In our study, it was found that those of an older age, particularly the oldest group (age ≥ 90), an increased length of stay upon one’s index admission, as well as a patient’s previous hospitalization history, were each associated with mortality occurring within one year, a finding compatible with a previous report [29]. In a large national study previously performed in France, the overall survival rate of patients admitted to an ICU was approximately 60% at 3 years. Mortality rates increased in proportion to age, particularly in those 80 years and older [30]. After an acute event, the role of aging facilitates the process of organ failure, and as a result, any acute illness deemed less severe may cause a subsequently poor prognosis. These results suggest that post discharge strategies may need to be adjusted according to different ages. Previous studies have also reported that longer lengths of stay and recurrent admissions were associated with post-discharge mortality in hospitalized stroke, chronic obstructive pulmonary disease, and pneumonia-acquired patients [31,32,33]. An extended LOS and recurrent hospitalization, either due to repeat acute illness or associated medical complications such as nosocomial infections and thromboembolic disease, may further predispose decompensation of underlying diseases, and thus directly and indirectly hinder clinical outcomes, including increased mortality.

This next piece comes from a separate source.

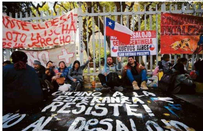
LOS MANIFESTANTES LLEGARON HASTA EL CONGRESO NACIONAL PARA RECHAZAR EL DESALOJO.

Ayer el ministro de Vivienda y Urbanismo, Carlos Montes, recordó que ante la orden de desalojo decretada por la Corte Suprema, “nosotros estamos conver-

Therefore, prolonged stays and a repeat admission history may indicate an underlying frailty, thus requiring more careful attention being given by medical staff.
Malnutrition and its negative health outcomes are of great relevance in older people, as the condition predicts hospitalization, infectious diseases, and death [34]. The current study confirmed previous results from other surveys which used various malnutrition screening tools, including the Subjective Global Assessment (SGA) [35] and Malnutrition Universal Screening Tool (MUST) [36], while expanding on similar data generated using the Mini Nutritional Assessment, tool [37] as well as ours. Generally, some 20% to 50% of patients are undernourished prior to being hospitalized [34]. In our study, 25% older patients were malnourished and 37% were at risk of malnutrition, according to MNA. In view of high prevalence of nutritional impairment in our patients, and adverse effect on outcomes, it is important to have an early identification and appropriate management of this clinical condition which could make for a better prognosis of malnourished patients, while also cutting down on both the length of hospitalization stays and the medical costs attributed to hospitalization [38].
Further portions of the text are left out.